Sex drive is an interesting thing. It seems some people are born with high or low libido, but there are many other factors that can contribute to it. How well your relationship is going can definitely be a factor, but past sexual abuse or other issues with sex over the years can be a factor as well.
According to the International Journal Of Impotence Research, several additional factors affect the Nigerian woman's approach to marital sex. Some of them are:
- Arousal problems
- Orgasm problems
- Domestic violence
- Lack of communication in the marriage
- Lack of foreplay
- Health issues
The above factors also undoubtedly contribute to the quantity of sex a married couple is having.
You are wondering how much sex other people have. Then it could be because you aren’t where you want to be sex-wise in your marriage. It happens. We all go through ups and downs. Times of stress, like moving, or a new baby, or illness, can all get in the way temporarily.
But if you and your partner have been on the downside for a while, and there doesn’t seem to be any major reason. Other than that you both just aren’t having it, talking to a marriage therapist is definitely a good option. A good marriage therapist can help you both get to the root of why sex is an issue, and offer help to bring you together again.
Beyond therapy, there are many great books about sex and marriage you and your spouse could read together to get ideas. If you are both onboard and want to reconnect, why not plan a weekend getaway to jump-start things?

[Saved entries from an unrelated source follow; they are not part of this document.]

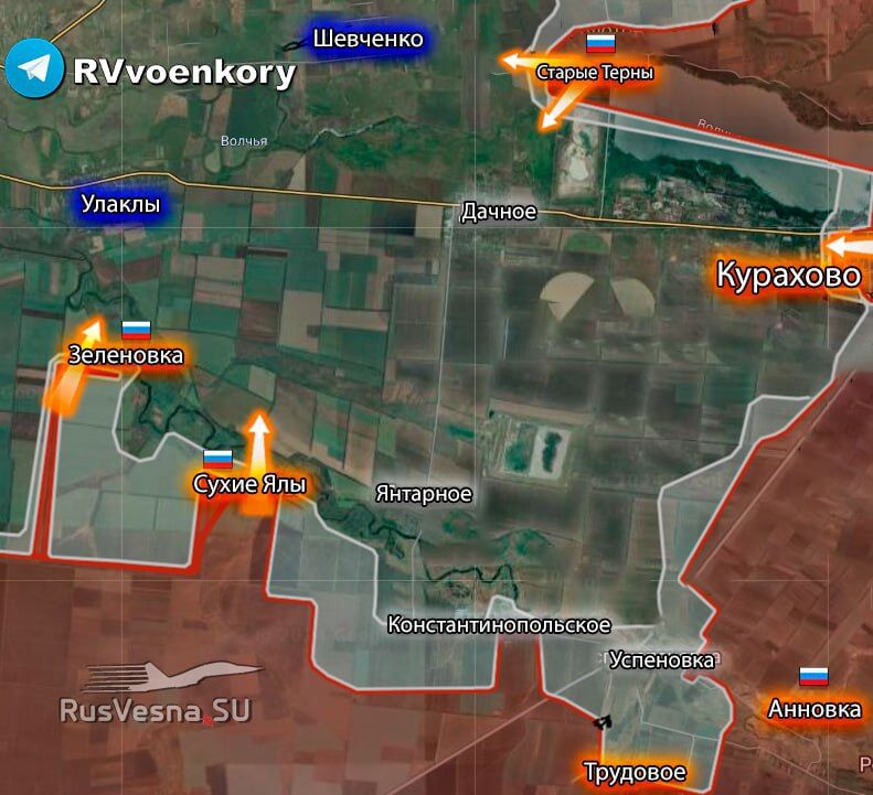 ▪️Theo ông, các lực lượng vũ trang đã giành được chỗ đứng ở khu vực Sukhoi Yalov và Zelenovka, sau đó họ sẽ cố gắng cắt đường cao tốc chính đến Kurakhovo - gần làng Ulakly.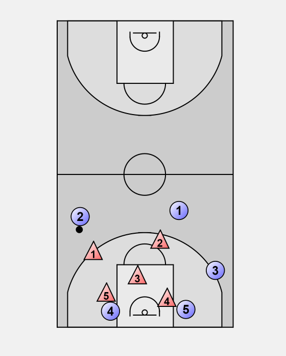 - 4 and 5 deny easy passes on ballside and under the basket.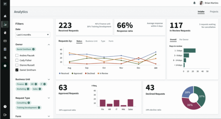 You need a platform that connects training initiatives to business outcomes. Look for built-in analytics that track request volume by business unit, project delivery timelines, resource allocation, and program costs in real time.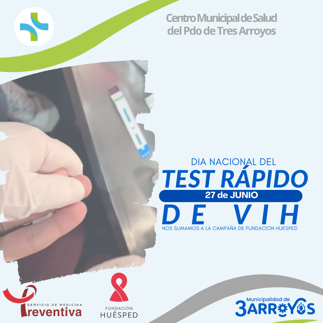 ES FÁCIL Y GRATUITO: Hacete el test rápido de VIH Hoy fortalecemos la difusión y te recordamos que en Tres arroyos contamos con: ✅️ Centros de testeo rápido en los consultorios N° 11 y 12 del Centro de Salud de lunes a jueves de 8 a 10 hs. ✅️ CAPS 25 DE MAYO, ubicado en 25 de mayo y libertad consultando días y horarios. Búscanos y hacete el TEST

One thing to consider is the quality vs. quantity of sex you and your spouse are having. If both of you love sex when you do have it, then great! There are things you can do to have it more often if that’s what you both often. Many researchers say to simply schedule it in. It seems robotic, but once you get started it’s anything but robotic. Scheduling it simply means it becomes a higher priority.

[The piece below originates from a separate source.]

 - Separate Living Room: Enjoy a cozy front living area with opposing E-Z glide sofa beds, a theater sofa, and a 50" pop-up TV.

If your quality of sex is low, then that could be a reason why the quantity is low as well. In a marriage, sex is the tie that binds. If you experience a dip in your sexual desire, analyze whether that is due to negative feelings about your marriage, your spouse or yourself. Whatever you discover, make sure you spend time doing something constructive about it. Stop the blame game and take accountability for making things better. Also, bear in mind that a good marriage therapist can also help you figure out how to improve things on all accounts.
There are lots of "how often do married couples make love statistics" out there that seem to tell us what is a “normal” amount of sex for married couples. But really, there is no normal. Each couple is different, so it’s up to you to determine. How often do married couples make love statistics? It's up to them. It's up to you.